Informed Comment

Thoughts on the Middle East, History, and Religion

Juan Cole is President of the Global Americana Institute

Friday, February 17, 2006

Iraq Seethes over Abu Ghraib
11 Dead, 30 Wounded in guerrilla Violence


Three major bombings in Baghdad and shootings there and elsewhere killed 11 persons in Iraq on Thursday and left 30 wounded.

Bush is seeking another $68 billion for Iraq (and a little for Afghanistan). This thing is costing each American thousands of dollars. And it is certainly making the US less secure over time.
Bush's terrorism incubator in Iraq has already produced an increase in the sophistication of guerrilla attacks in Afghanistan. Now UPI says that the more canny techniques are even showing up among rebels in southern Thailand! The world will be living with the aftermath of Fallujah and Abu Ghraib for decades.
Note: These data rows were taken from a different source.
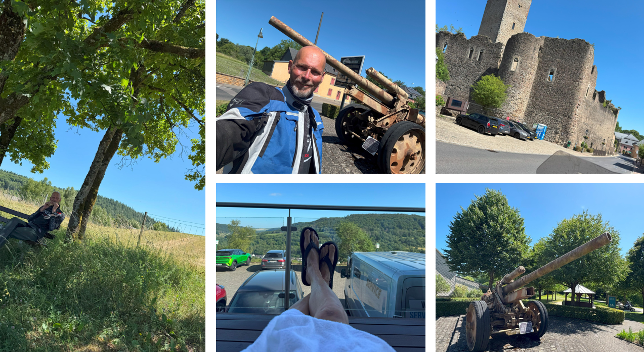 Nancy-Bollendorf Heute Morgen ganz entspannt aus Nancy losgefahren. Ich hatte mir vorsorglich für den ganzen Tag was zu Eessen mitgenommen, weil ich kleine Straßen fahren wollte. Das ging in Frankreich auch sehr gut. Ich bin erst über Landschaften gefahren, die viele Felder hatten und Kanäle. An einem Kanal machte ich auch meine erste Pause. Danach ging es so weiter nach Luxemburg. Luxemburg wiederum wurden die kleineren Straßen größer, was wohl auch daran liegt, dass Luxemburg nicht so groß ist. Die ersten anderthalb Stunden in Luxemburg waren genau genommen, völlig emotionslos. Ich war ziemlich angenervt, vielleicht auch sowas wie Tour Koller, da die Strecken irgendwie alle nicht wirklich zu einem gesprochen haben. Es war nicht wirklich schlecht, aber irgendwie stellte sich keine Entspanntheit beim fahren ein. Zum Glück nach über 2 Stunden in Luxemburg wurde die Landschaft hügeliger, ich war ganz im Norden von Luxemburg und Richtung Belgien und dann in Eifel gefahren. Umso näher die Eifel kam umso schöner wurden die Strecken. Am Ende bin ich über eine Brücke gefahren, an deren Ende Deutschland begann. Das war schon ziemlich komisch, plötzlich in Deutschland zu sein. Ich weiß noch gar nicht genau, ob ich mich freue wieder in Deutschland zu sein oder ob es etwas unvermeidliches ist. Andererseits bin ich in einem kleinen Wellnesshotel, kann ich ja in der Sauna drüber nachdenken. Ich bin eine Runde gejoggt , durch den Wald quer Feld ein. Wieder rüber nach Luxemburg über eine kleine Brücke und wieder zurück nach Deutschland. Danach wollte ich in die Sauna die war leider kalt. Also bin ich eine kleine Runde geschwommen und habe mich auf die Terrasse gelegt und einfach in die Landschaft geguckt. Am Abend habe ich mir ein Wildgericht gegönnt. Ich hatte mit Uwe telefoniert und er sagte, dass es okay ist , wenn ich morgen vorbeikomme. Ich werde also die letzte Nacht, bevor ich nach Hause fahre, noch bei einem guten Freund übernachten, was eigentlich ein schöner Tourabschluss ist. Ich bin mal gespannt, wie viel Uwe erzählt und wie viel ich erzähle.
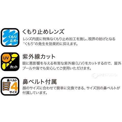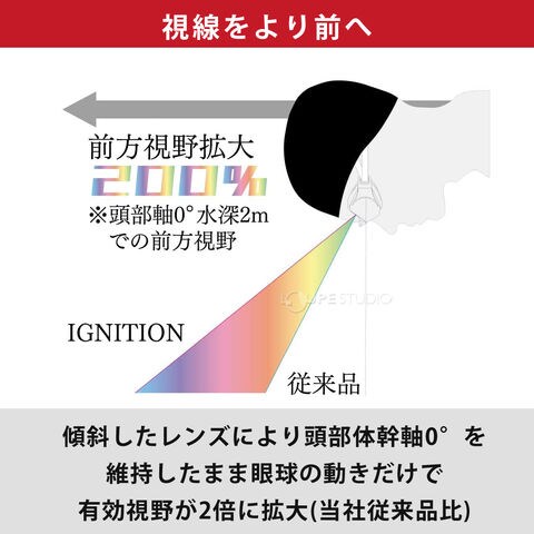※ このゴーグルは、レンズに傾斜がついているため通常のスイミングゴーグルと見え方が異なります。
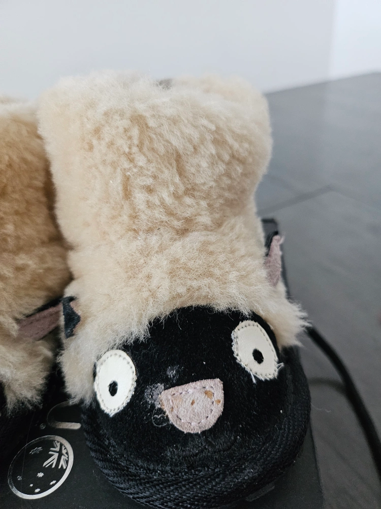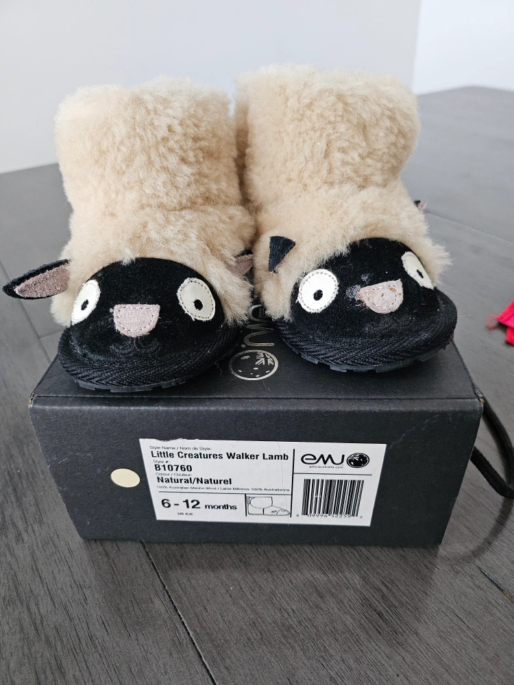 456Adorable sheep-shaped baby booties. Soft, fluffy sheepskin. Durable rubber soles. Perfect for keeping little ones warm and cozy. Size 6-12 months. Gently used. worn less than 3 times. Pick up only, Keele Major Mackenzie

Iraqis are livid about the new Abu Ghraib photos that have surfaced.

The elected governor of Maysan province [Ar.] has filed a court case against the British soldiers who were depicted in a video beating Iraqi teenagers who had attacked their barracks.
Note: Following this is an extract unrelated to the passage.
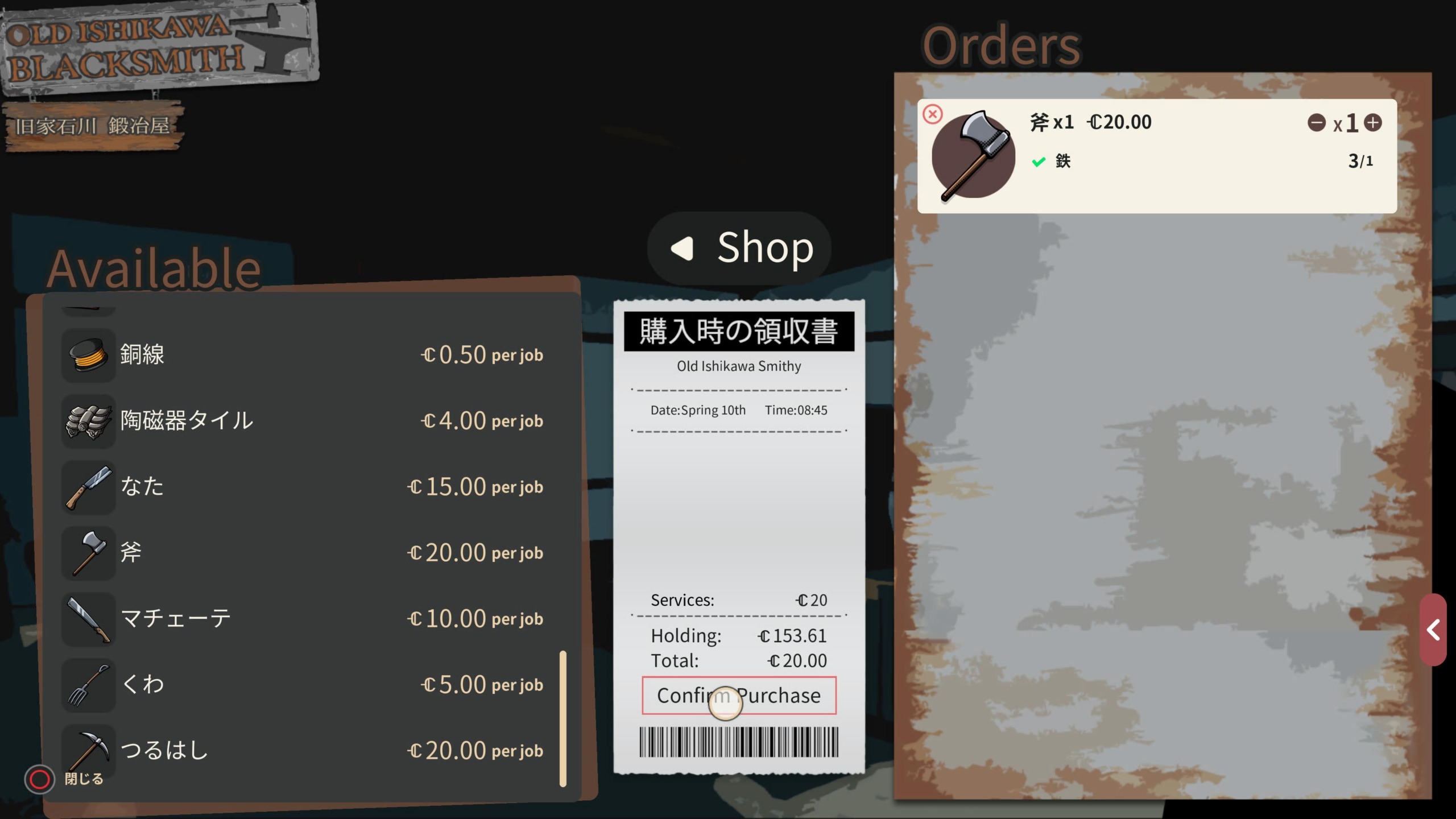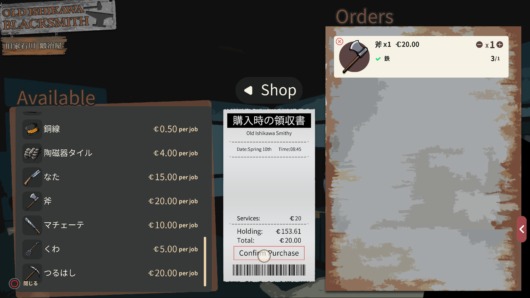 星製材所でフィリップ、鍛冶屋でイシカワ名人と話してイベントを進めていくと、マチェーテとつるはしが手に入りました。洞窟で鉄を採掘した後、鍛冶屋で斧を注文。

Tom Lasseter reports on the lack of progress the US military has made in fighting the "insurgency" in Samarra, a largely Sunni Arab city north of Baghdad. I think we may conclude that this lack of "progress" derives from most people in Samarra being "insurgents" or the cousins of "insurgents."

After the revelation of new photos of torture from Abu Ghraib, the Iraqi Human Rights minister is demanding that the US turn over control of all prisons in Iraq to Iraqis.

But after the revelations about Shiite death squads inside the Iraqi police, the Americans think it is the Iraqi prison and police system that needs American supervision.

Reuters reports that a new Iraqi government is unlikely to be formed any time soon, since there will be difficult negotiations over key ministries, and since the Americans have inserted themselves into the negotiations.

The NYT reports on the rising political power of nationalist young Shiite cleric Muqtada al-Sadr, who swung the prime minister position to Ibrahim Jaafari of the Dawa Party. Muqtada has a complex relationship to Iran, resenting Iranian influence in Iraqi Shiite Islam, but pledging to defend Iran from any American attack.